FIG. 7 is a flow diagram showing a method for adaptively generating code for a program by rebuilding the program in response to the user's rebuild request in accordance with the preferred embodiments.

FIG. 8 is a flow diagram showing a method for adaptively generating code when compiling a computer program in accordance with the preferred embodiments.

FIG. 9 is a flow diagram showing a method for adaptively generating code when compiling a computer program on a first computer system and restoring the computer program on a second computer system in accordance with the preferred embodiments.

DETAILED DESCRIPTION OF THE PREFERRED EMBODIMENTS

1.0 Overview

The present invention relates to adaptive code generation for extensible processor architectures. For those not familiar with compilers, this Overview section will provide background information that will help to understand the present invention.

Known Compilers

FIG. 2 illustrates a prior art compiling system 200 that includes a front-end compiler 210 and a back-end compiler 220. For most known compilers, there is an architected division (indicated by dotted line 260) between the front-end compiler 210 and the back-end compiler 220. Front-end compilers are used to convert source code to an intermediate representation. As illustrated in FIG. 2, front-end compiler 210 converts source code 205 to an intermediate representation 215. Back-end compilers are used to convert the intermediate representation to machine code for a particular hardware configuration (i.e., platform). As illustrated in FIG. 2, back-end compiler 220 converts the intermediate representation 215 to machine code 225 for a given platform (e.g., IBM eServer iSeries). This designed division between front-end compilers and back-end compilers is efficient, because it allows front-end compilers for a number of different languages (e.g., C++, Java, Ada, etc.) to be used with a single back-end compiler for a given platform (e.g., IBM eServer iSeries).

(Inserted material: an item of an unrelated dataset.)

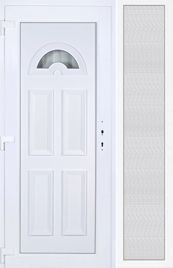 EXTRA hőszigetelésű műanyag bejárati ajtó 5 kamrás profilból, 70 mm beépítési mélységgel, tokban körbefutó idomacél merevítéssel. Vasalat: kilincsműködtetésű, 5 pontos ajtózárral, 3 db 3D erősített ajtópánttal, 20mm magas hőhídmentes alumínium küszöbbel, + 20mm purenittel a küszöb alatt. Dupla szürke ütközőtömítéssel rendelkezik. Üvegezése "savmart" katedrál 3 RÉTEGŰ Szuperlágybevonatos thermo üveg, 42 mm vastagságban, UG értéke: 0,7 W/m2K . A bejárati ajtó mindkét oldalán fehér színű. Nyitásmódja befelé nyíló, nyitásiránya balos ( bentről nézve a zsanér a bal oldalon helyezkedik el ). Tényleges tokkülmérete: 138 cm széles 209 cm magas. 98 cm széles 209 cm magas bejárati ajtóból, 40 cm széles 209 cm magas fix "savmart" üvegezésű ( nem nyitható) oldalvilágítóból áll. ( két külön elem ami beépítéskor összeszerelendő). A nyílászáró ára nem tartalmazza a KILINCSET és a ZÁRBETÉTET a beszereléshez szükséges segédanyagokat (falkampó, csavar, pur-hab..stb.), külső-belső takaróléceket.

Likewise, a single front-end compiler can be used with multiple back-end compilers if the code needs to be compiled to run on different platforms.

Front-end compiler 210 includes an intermediate representation (IR) code generator 212 that processes the source code 205 and generates instructions in the intermediate representation 215. Back-end compiler 220 includes a machine code generator 222 that processes the intermediate representation 215 and generates machine code 225 that is executable on a particular platform.

FIG. 3 is a flow diagram of a prior art method 300 for compiling source code using the prior art compiling system 200 in FIG. 2. First, the front-end compiler translates the source code into intermediate representation (IR) code (step 305). Next, the back-end compiler processes the intermediate representation into machine code (step 310).

2.0 Detailed Description

The preferred embodiments of the present invention provide a more flexible system that allows computer programs to automatically take advantage of new hardware features when they are present, and avoid using them when they are absent.

The preferred embodiments of the present invention provide a feature set of a computer program which is compared to a feature set of a processor. The comparison may be performed in response to, for example, restoring the program onto a computer system or requesting its execution. The processor feature set represents zero, one or more optional hardware features supported by the processor, whereas the program feature set represents zero, one or more optional hardware features the program relies upon in code generation (i.e., zero, one or more optional hardware features that are required to execute code contained in an object, either a module or program object). A comparison of the feature sets determines whether a particular program may run on a particular processor. Programs may be automatically or manually rebuilt to achieve full compatibility with the computer systems on which they reside. If the comparison indicates that the program requires a feature not supported by the processor, the program may be rebuilt based on the processor feature set. Alternatively, the program may be rebuilt in response to a rebuild request rather than the comparison. The program is preferably rebuilt from an intermediate language representation stored with or locatable from the program.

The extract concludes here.